(Exercise goal): Return each line of the listing below, unchanged, and omit the images.

(Information provided):
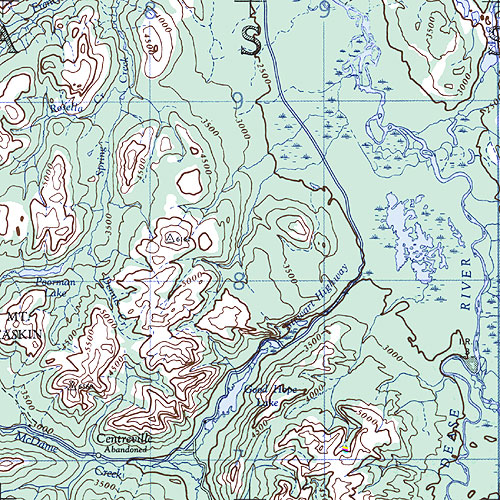 The topo map image to the left is not an exact representation. The image is based on the 1:1,000,000 scale map of the Yukon Territory. The actual 1:250,000 and 1:50,000 scale maps have additional detail not shown at the 1:1,000,000 level.
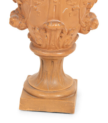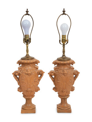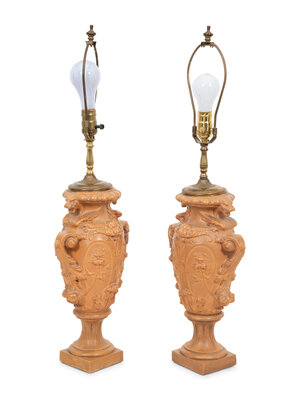 A Pair of Glazed Terracotta Vases now Mounted as Lamps
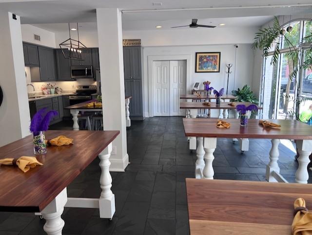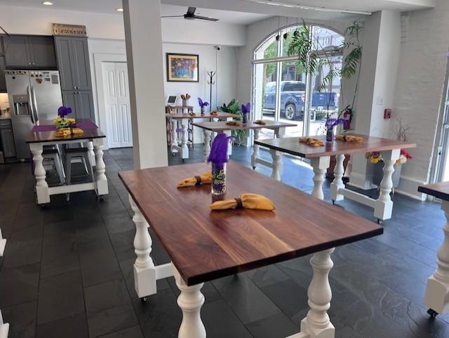 Full use of our professional demonstration kitchen, premium tables and seating, all culinary materials, and expert-led storytelling. Our packages include a multi-course meal (2 entrees and 1 dessert), curated beverage pairings, and the expertise of our chefs. Enhancements like live local painters, mobile photo booth, or Second Line parades are available upon request.
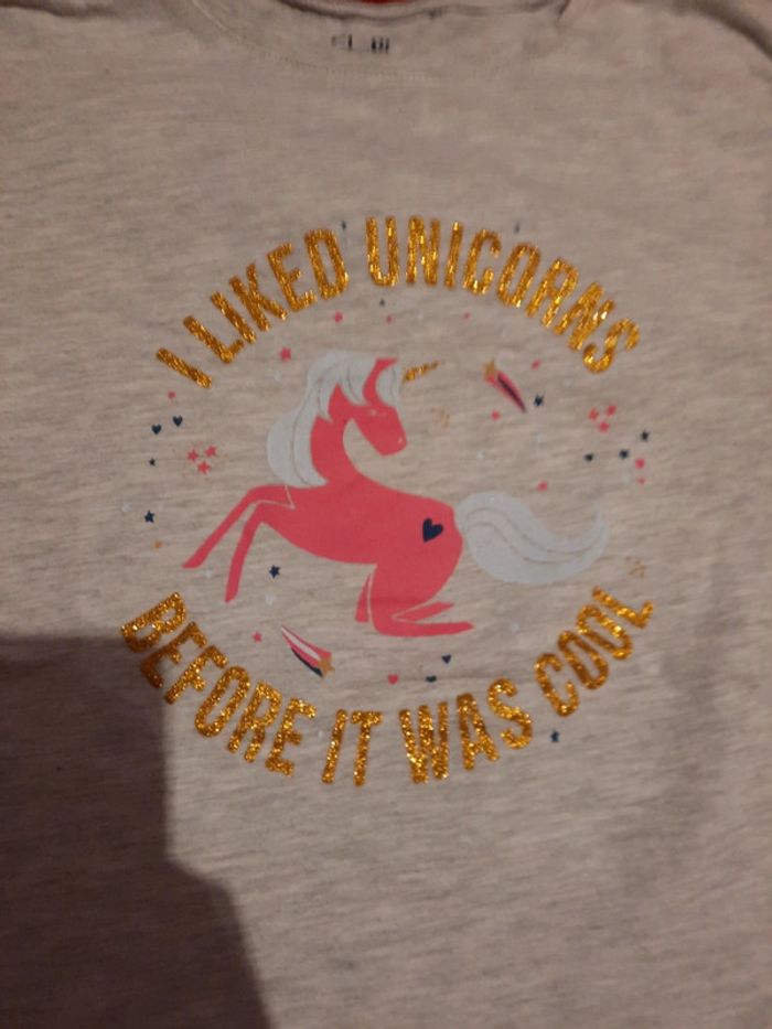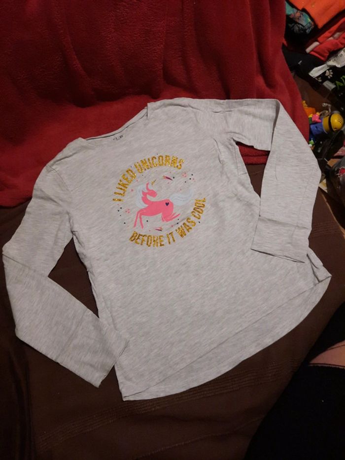 Haut ml gris licorne kiabi 10 ans 1 trait mais c'est un défaut dans le Haut #vetementfille10ansjennycdu76 #kiabi #licorne

(Solution for this task):
 The topo map image to the left is not an exact representation. The image is based on the 1:1,000,000 scale map of the Yukon Territory. The actual 1:250,000 and 1:50,000 scale maps have additional detail not shown at the 1:1,000,000 level.
 A Pair of Glazed Terracotta Vases now Mounted as Lamps
 Full use of our professional demonstration kitchen, premium tables and seating, all culinary materials, and expert-led storytelling. Our packages include a multi-course meal (2 entrees and 1 dessert), curated beverage pairings, and the expertise of our chefs. Enhancements like live local painters, mobile photo booth, or Second Line parades are available upon request.
 Haut ml gris licorne kiabi 10 ans 1 trait mais c'est un défaut dans le Haut #vetementfille10ansjennycdu76 #kiabi #licorne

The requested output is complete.